# Tony Fisher's Petaminx Ball (AKA Petaball)



## Tony Fisher (Mar 16, 2014)

Having made my 11x11x11 V-Ball I decided to use the same technique on a Petaminx. I first shaped the ball with a Dremel and then filled in the gaps with Milliput. For some pieces though this was clearly a mistake since the filled areas had more than one open side meaning I had to careful sculpt the milliput to fit. When I started on a 2nd Petaminx Ball I knew where the problem areas would be so filled them in advance. Anyone making these kind of puzzles should carefully consider when to fill and when to shape. 
My puzzle took 80 hours to complete despite going for the easy sticker option of getting them professionally made by [edit] Oliver's Stickers. Having said that I still had to cut the corner stickers into three and super glue them on. As stated in the video this is actually a larger project than a 13x13x13 ball would be.

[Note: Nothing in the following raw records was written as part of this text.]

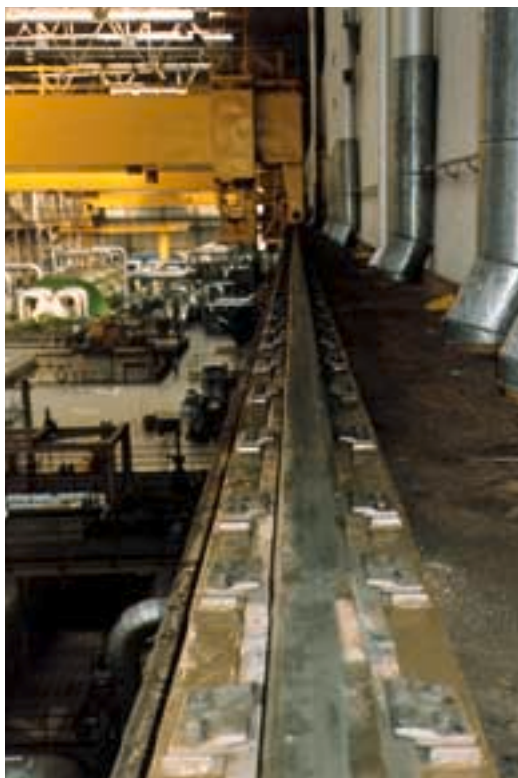
Nuclear Power Station Tricastin (F) - Weldable clips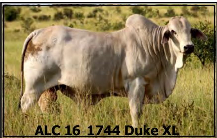
ALC 16-1744 Duke XL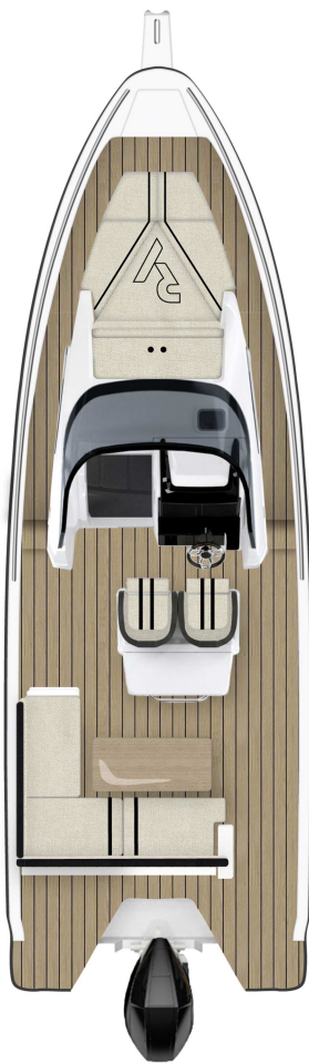
OPTION Table, wetbar, bench & bow upholstery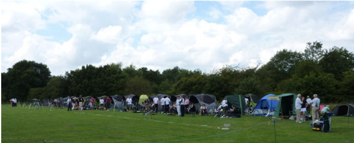
A good turnout at the Rat's Ashes!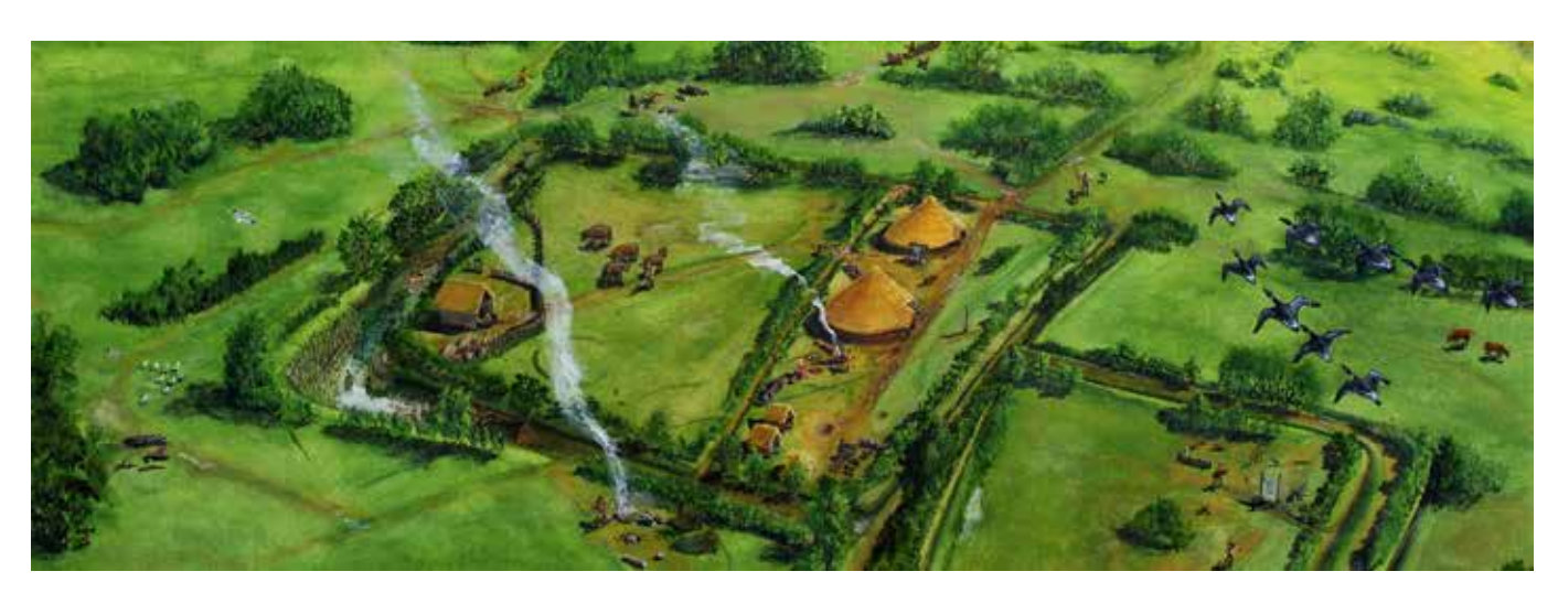
Farmsteads\ like\ this\ one\ excavated\ at\ lwade\ in\ Kent\ were\ common\ in\ Iron\ Age\ England.

As the centuries passed, established farms with fields enclosed by ditches became more frequent. In the Iron Age (about 700 BC onwards) there seems to have been a population explosion.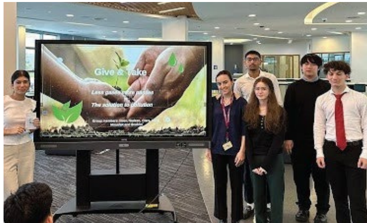
THEME: Environment & Technology GEMS Wellington Academy, Dubai, UAE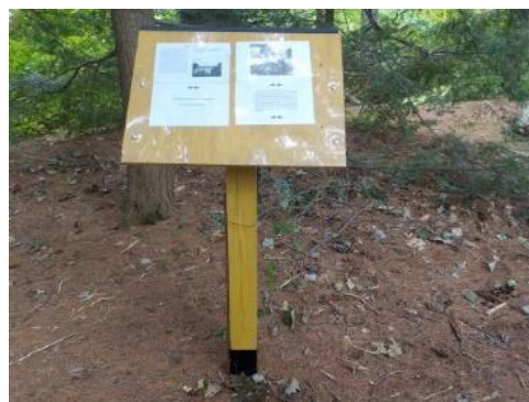
A chapter in the trail tale book.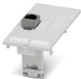
Front plate with contact inserts, plastic, 1 x RJ45, 8-pos. metal, CAT5e (socket/socket), 1 x D-SUB 9 blind cover

Please be informed that the data shown in this PDF Document is generated from our Online Catalog. Please find the complete data in the user's documentation. Our General Terms of Use for Downloads are valid ( http://phoenixcontact.com/download )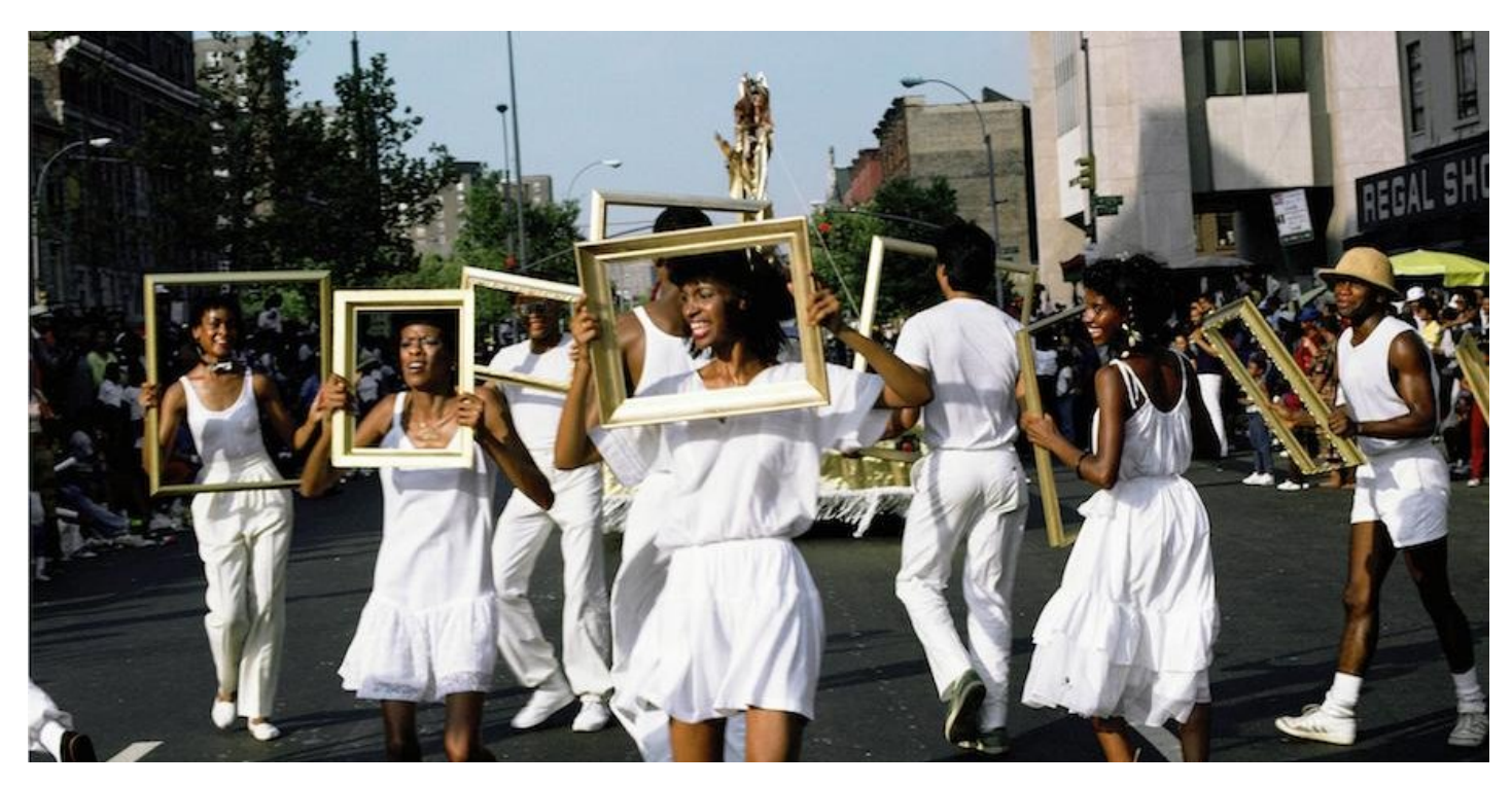
A detail of Lorraine O'Grady's Art Is... (Troupe Front) , 1983/2009. Chromogenic color print, 16 x 20 in. Courtesy Alexander Gray Associates, New York. © 2015 Lorraine O'Grady/Artist Rights Society (ARS), New York.

The 1983 African-American Day Parade, on Harlem's 125<sup>th</sup> Street, included a rather unusual float—a gold-skirted vehicle topped by a giant, gilded picture frame. Atop it, 15 actors in all-white clothing danced with smaller frames; as the float moved along its route, they leapt out into the crowd and held them up to intrigued spectators, who summarily found themselves making art, or having art made of them.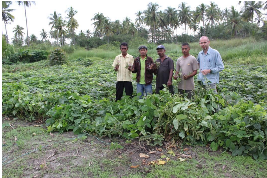
Excellent growth of velvet bean at Viqueque site in June 2012.

This site had velvet bean grown amongst a corn crop last wet season. After the corn harvest, the velvet bean was left to smother the corn stalks. As on June 13 2012, there was considerable growth of the velvet bean, as seen in photo below. This will be planted to corn next wet season.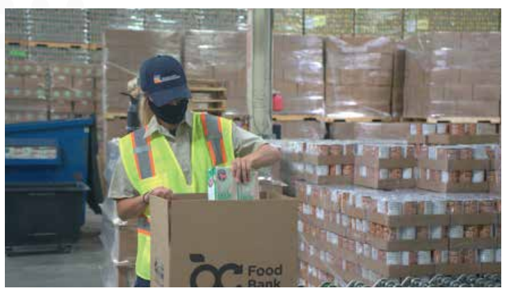
Community Action Partnership of Orange County

Hopefully one day I can do the same with an Examinx!

[youtubehd]xig58sodNuM[/youtubehd]


----------



## Eki9000 (Mar 16, 2014)

This looks absolutely awesome!


----------



## wrathofgods54 (Mar 16, 2014)

Looks amazing as with all your other puzzles. Also I am sure you mean Oliver's stickers and not Oskar's stickers. lol


----------



## cuber952 (Mar 17, 2014)

This is really awesome!
I definitely wouldn't have the balls to make this.... XD


----------



## kcl (Mar 17, 2014)

Wut

I'm not much of a modder but this is amazing..


----------



## Spaxxy (Mar 23, 2014)

Tony Fisher, you have amazed me again.


----------



## Tony Fisher (Mar 24, 2014)

Here is the construction video. 

[youtubehd]WRRD9P5jpX0[/youtubehd]


----------